Pescara Cathedral (Duomo di Pescara, Cattedrale di San Cetteo Vescovo e Martire) is a Roman Catholic cathedral in the Via D'Annunzio in the city of Pescara. The cathedral, dedicated to Saint Cetteus, patron saint of Pescara, has been the seat of the Archbishop of Pescara-Penne since the creation of the archdiocese in 1982. The present Romanesque Revival building, originally called the Tempio della Conciliazione ("Temple of Conciliation"), was constructed in the 1930s, replacing the medieval church of San Cetteo.

==History==
The construction of the present church was linked with the wave of intensive building activity that accompanied the creation of the city and province of Pescara in 1927. The medieval church of St. Cetteus (Chiesa di San Cetteo) that formerly stood on the site had fallen into such disrepair that it was demolished (a few traces of the old building can be seen on the pavement opposite). The construction of the new church was vigorously promoted by the writer Gabriele D'Annunzio, who had been baptised in the demolished church, and who was a generous donor to the project. D'Annunzio, one of whose principal concerns was to build a suitable tomb for his mother, commissioned the architect Cesare Bazzani. Work lasted from 1933 to 1938 or 1939. The façade had to be reconstructed after World War II as a result of war damages.

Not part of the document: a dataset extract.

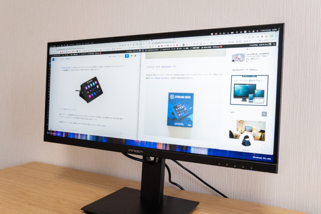 一般的なモニターはアスペクト比16:9であることが多いですが、Innocn 26インチ ウルトラワイドモニター WF26-PROはアスペクト比が21:9となっており、通常よりも横長です。

The original name of the new building, the Tempio della Conciliazione ("Temple of Conciliation"), is connected to the Lateran Pacts of 1929, marking the agreements made between the Italian Fascist government and the Vatican.

It was declared the cathedral of the former Diocese of Penne e Pescara in 1949 on the creation of the diocese, and when the diocese was elevated to an archdiocese in 1982, became the seat of the new Archbishop of Pescara-Penne.

==Exterior==
Although the church is a modern build, it is clearly influenced by the architectural tradition of Abruzzo, above all Romanesque architecture, and particularly follows the style of the 11th-century Church of Santa Gerusalemme in Pescara. Typical of this and of the region is the severely rectangular façade decorated with rose windows (, ) a choice made jointly by D'Annunzio and the architect.
The round-arched portals reflect the internal sub-division into three aisles, indicated on the outside by lesenes (applied strips). Adjoining the west front to the north, the campanile consists of an octagonal upper storey on a square base, while to the south is a small baptistry.

==Interior==
In form this is a basilica with three aisles, as mentioned, separated by arcades of marble columns. The church has extremely good natural light. The choir ends in an apse.
The church also has a transept. In one arm is a chapel dedicated to Saint Cetteus. In the other is the tomb of d'Annunzio's mother, Luisa De Benedictis, to which the sculptor Arrigo Minerbi contributed the funeral monument, consisting of an arch on which lies the figure of a young woman asleep.

The interior of the church houses various statues of saints and also Saint Francis Adoring a Crucifix, a c. 1649 painting attributed to Guercino and donated to the new building by D'Annunzio.

The church organ is one of the best in Abruzzo.